My most recent work is part of an ongoing musing on the myth of Persephone and Hades, which feels particularly apt during the fall season, and which has come more intensely into focus for me during the recent Ford/Kavanaugh hearings. This work is about the deep wounds and dysfunctions we are grappling with as a society around how we relate to each other sexually, emotionally, and politically. It’s about finding ways to heal my own and all women’s -all peoples’- traumas. It’s about my desire to have ever more compassion for everyone, including the ‘oppressors’. It’s about continuing to love fiercely, joyfully, and playfully, even while expressing anger and outrage; to hold many paradoxes together, at once. It’s about the riches we compost from the muck, the jewels we find in the underworld and in embracing our shadow - the shadow that, like it or not, we are vigorously confronting as a collective.

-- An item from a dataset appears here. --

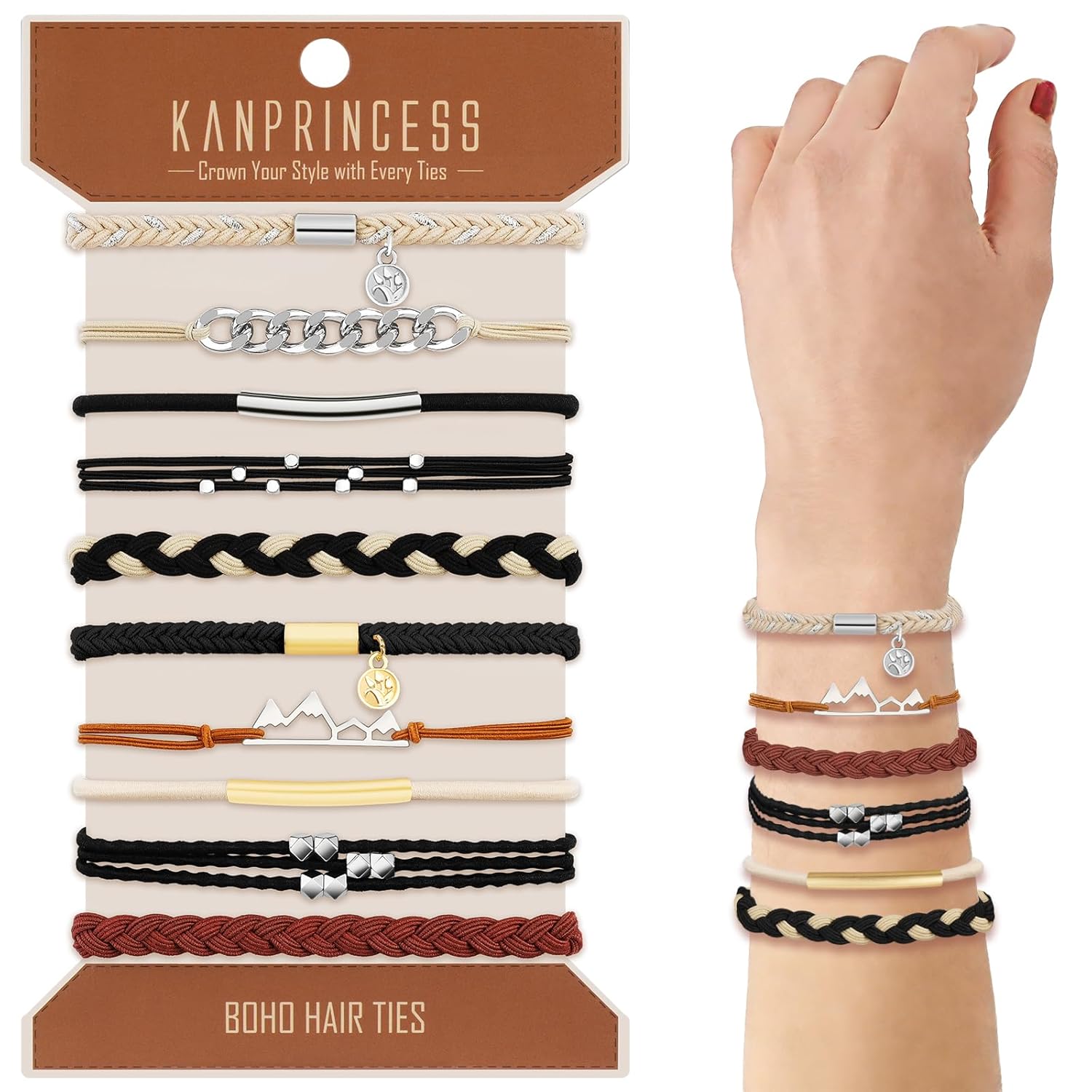 - ①【10Pcs Set】: This set have 10 different styles, 1pcs of each style, total 10pcs different boho hair ties, which can satisfy your daily use.

In my paintings and murals, I use color and physicality to express visceral emotion and felt experience. My process is intuitive, expressive, and gestural, and informed by my background in movement and dance as well as an acute sensitivity to color.  I have a BA from Sarah Lawrence College, in Bronxville, New York, where I studied painting, dance and literature. I also attended Oxford University, Oxford, England, and studied Movement Based Expressive Arts at the Tamalpa Institute in Marin County, California. I am a founding member of the Humboldt Artists Guild. I exhibit work both nationally and internationally and am included in various private collections. In addition to painting, I bring my life-long study of body-centered practices to my Embodied Abstract Painting Workshops, in which I facilitate deeper connection to authentic creativity through movement-inspired painting. I live and work in Eureka, with my dog Lula, my cat, Johnny Cash, and a beautiful herd of chickens.